Here’s something else you absolutely have to learn to be any good at it;  You have to like kids.  Not just the well-behaved teacher-pleasers, but also the class clown who’s too smart to sit still for stuff he already knows, the shrinking violet who is a wonderfully complex well of deep thoughts who is only a little bit too scared to actually speak in class and share her thoughts, and the dark snarky demon who is quietly plotting the next outburst that will make your life a living hell so he or she can spend time with their old and dear friend, the chair in the assistant principal’s office.  If you don’t like them, you can’t teach them, and driving dynamite trucks in war zones is an easier job.  It pays better too.

I often try to picture Donald Trump teaching English to seventh graders.  What a slapstick comedy that would be.  The man doesn’t know anything.  He is always angry.  And he hates everybody except his daughter Ivanka.  My fourth period class wouldn’t merely eat him alive, they would skeletonize him faster than a school of piranhas could ever hope to match.  And it might be entertaining to watch (assuming it was metaphorical, not literal).
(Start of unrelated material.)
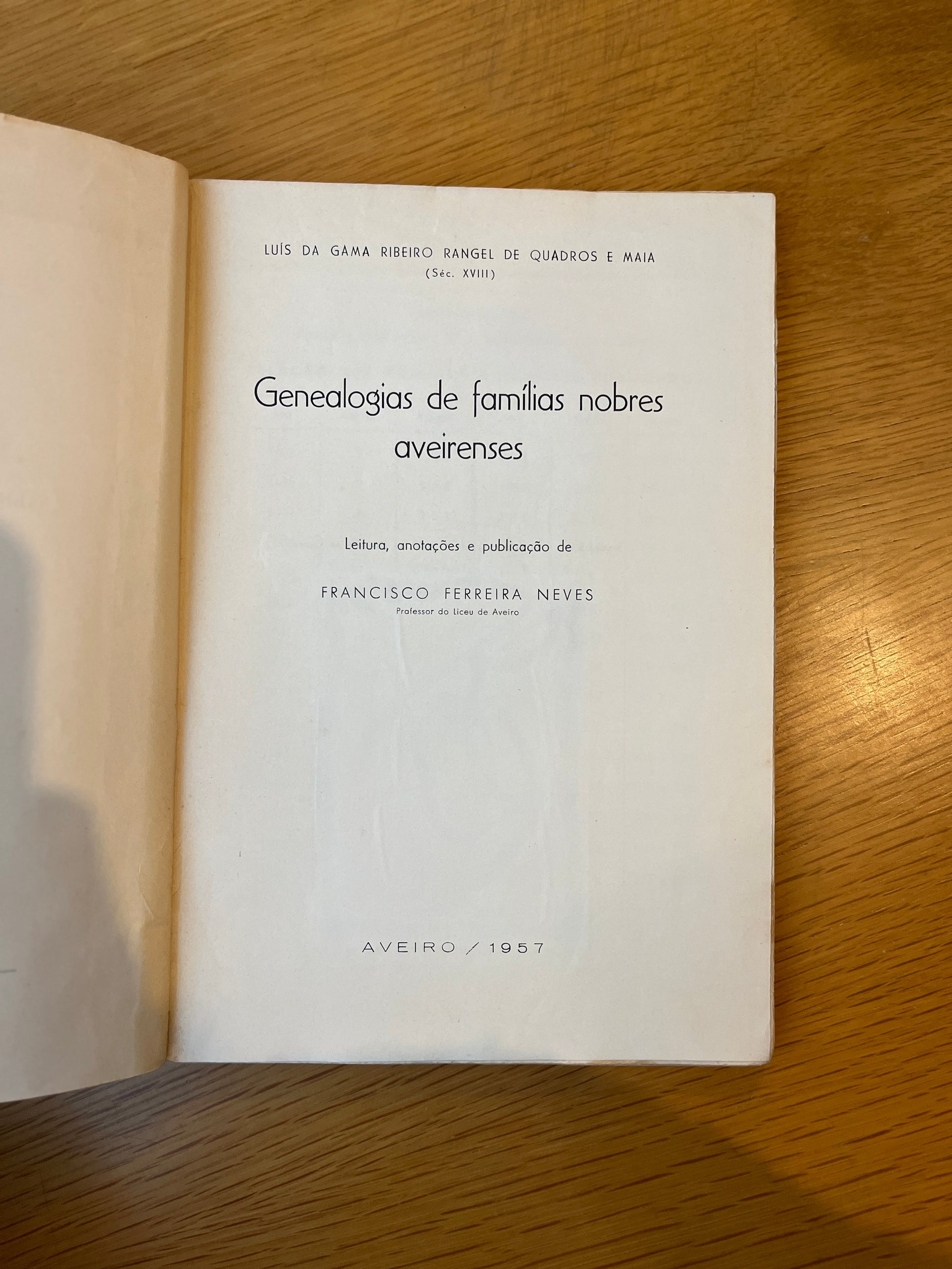 "(...) Estas genealogias foram escritas na primeira metade do século XVIII por Luis da Gama Ribeiro Rangel de Quadros e Maia. O seu conhecimento é absolutamente necessário para se fazer a história política e económica de Aveiro, e serve também como subsídio para a história geral da Nação. (...) No século XVI eram já muitas as famílias nobres residentes em Aveiro. Aqui se tinham estabelecido os Tavares, os Sousas, os Barretos, os quadros, os Rangéis, os Almeidas, os Cardosos, etc. Nos séculos XVII e XVIII novas famílias aparecem, mas também outras se extinguem. (...)" In- Nota Prévia Leitura, anotações e publicação de Francisco Ferreira Neves (professor do Liceu de Aveiro)

And I sincerely wish I could hold the big pencil in front of class again.  It was the act that defined who I was and what purpose I had in life.  But it isn’t gone since I was forced by ill health to retire.  I held the big pencil for over two thousand students in the course of thirty-one years.  And I will always hold the big pencil in their memories of it.  It is a sort of immortality for teachers.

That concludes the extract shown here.